O proprietário da fazenda, Antônio Celso Pantalena, disse, por telefone, que orientou os funcionários a evitarem confusão. Acrescentou que tomou conhecimento do interesse pela imprensa e que não sabe ainda que postura adotará em relação à invasão.
De acordo com o líder regional do MST, Cledson Mendes, cerca de 30 famílias, provenientes do acampamento Taquaruçu, vão acampar em uma área próxima da sede da fazenda. Mendes acrescentou que a intenção inicial era ocupar a sede da propriedade, mas que o proprietário lhe ofereceu como alternativa uma área de 2 alqueires já gradeada, onde os sem-terra farão o plantio de culturas de subsistência. O líder do MST disse ainda que o proprietário garantiu que não entrará com o pedido de reintegração de posse.
Segundo o administrador da fazenda, Edmilson Ferreira de Souza, o MST comprometeu-se a não tocar nas 600 cabeças de gado do proprietário.
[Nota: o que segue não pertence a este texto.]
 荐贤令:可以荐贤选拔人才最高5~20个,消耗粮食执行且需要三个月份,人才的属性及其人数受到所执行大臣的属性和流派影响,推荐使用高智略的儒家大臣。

O administrador disse que ele e seu irmão Antônio, que o ajuda a administrar a propriedade, pretendem obter lotes de terra assim que a fazenda for incorporada para a reforma agrária.
Com a invasão, o MST do Pontal considera que marcou mais um ponto na disputa por terras com o Movimento dos Agricultores Sem-Terra (MAST), que começa a acentuar-se na região. O MAST, ligado à central sindical Social Democracia Sindical, foi constituído há poucos meses com a união de 10 movimentos sociais dedicados à luta pela reforma agrária no Pontal do Paranapanema.
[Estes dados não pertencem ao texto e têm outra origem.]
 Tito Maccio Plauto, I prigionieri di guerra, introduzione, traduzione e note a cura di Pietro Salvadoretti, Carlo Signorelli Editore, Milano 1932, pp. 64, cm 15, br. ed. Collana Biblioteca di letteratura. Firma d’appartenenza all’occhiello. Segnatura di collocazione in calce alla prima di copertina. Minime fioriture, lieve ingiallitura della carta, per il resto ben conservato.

José Rainha Júnior formalizou ontem, pela manhã queixa de ameaça, constrangimento ilegal e disparo de arma de fogo, em que teriam sido vítimas sem-terra dos acampamentos Chico mendes e Antônio Conselheiro, nos municípios de Mirante e Sandovalina. Segundo Rainha, entre a tarde de domingo e a manhã de ontem, pessoas não identificadas - mas que ele acredita serem seguranças das fazendas Santa Rita e São Domingos - ocupando uma caminhonete, teriam efetuado diversos disparos para o alto nas proximidades do acampamento Chico Mendes.
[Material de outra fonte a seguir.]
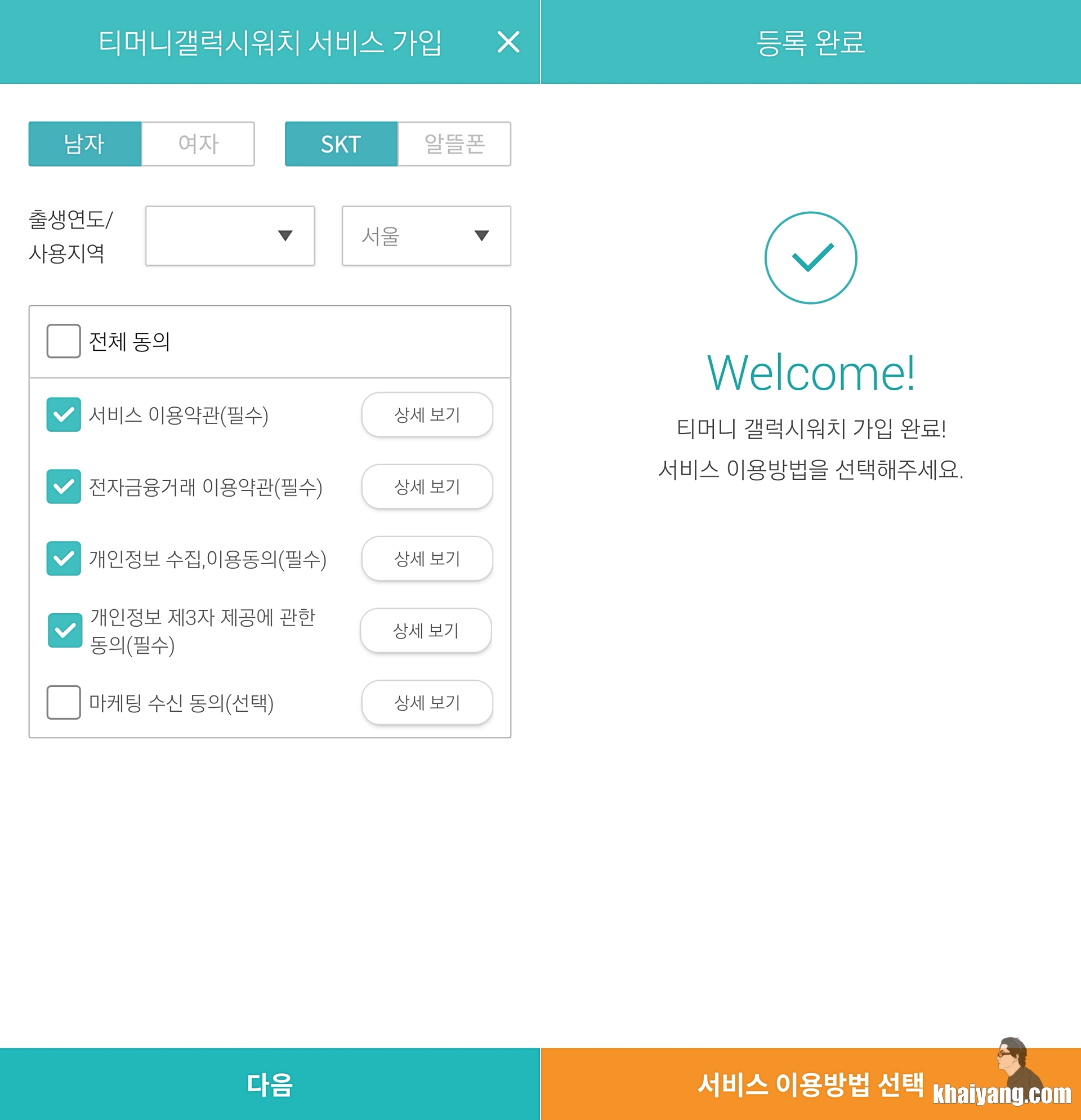 티머니 통합 회원에 가입을 한 후 사용할 수 있기에 회원 가입하는 절차와 함께 티머니 갤럭시 워치 등록을 진행해 주시면 됩니다.

Outro grupo, dentro de uma Saveiro, passou pelo assentamento Antônio Conselheiro, usando holofotes para iluminar os barracos. Pela manhã, ocupantes de um Voyage chegaram a parar um ônibus de sem-terra para fazer ameaças e pouco depois repetiram a ação contra um ônibus de passageiros da região.
Rainha advertiu ao delegado de Teorodo Sampaio, Donato Farias de Oliveira e ao comandante da Polícia Militar, capitão Armando Belantani Filho, que estas ações podem provocar reações dos sem-terra. Nunca se sabe se em algum daqueles barracos existe uma espingarda velha, argumentou.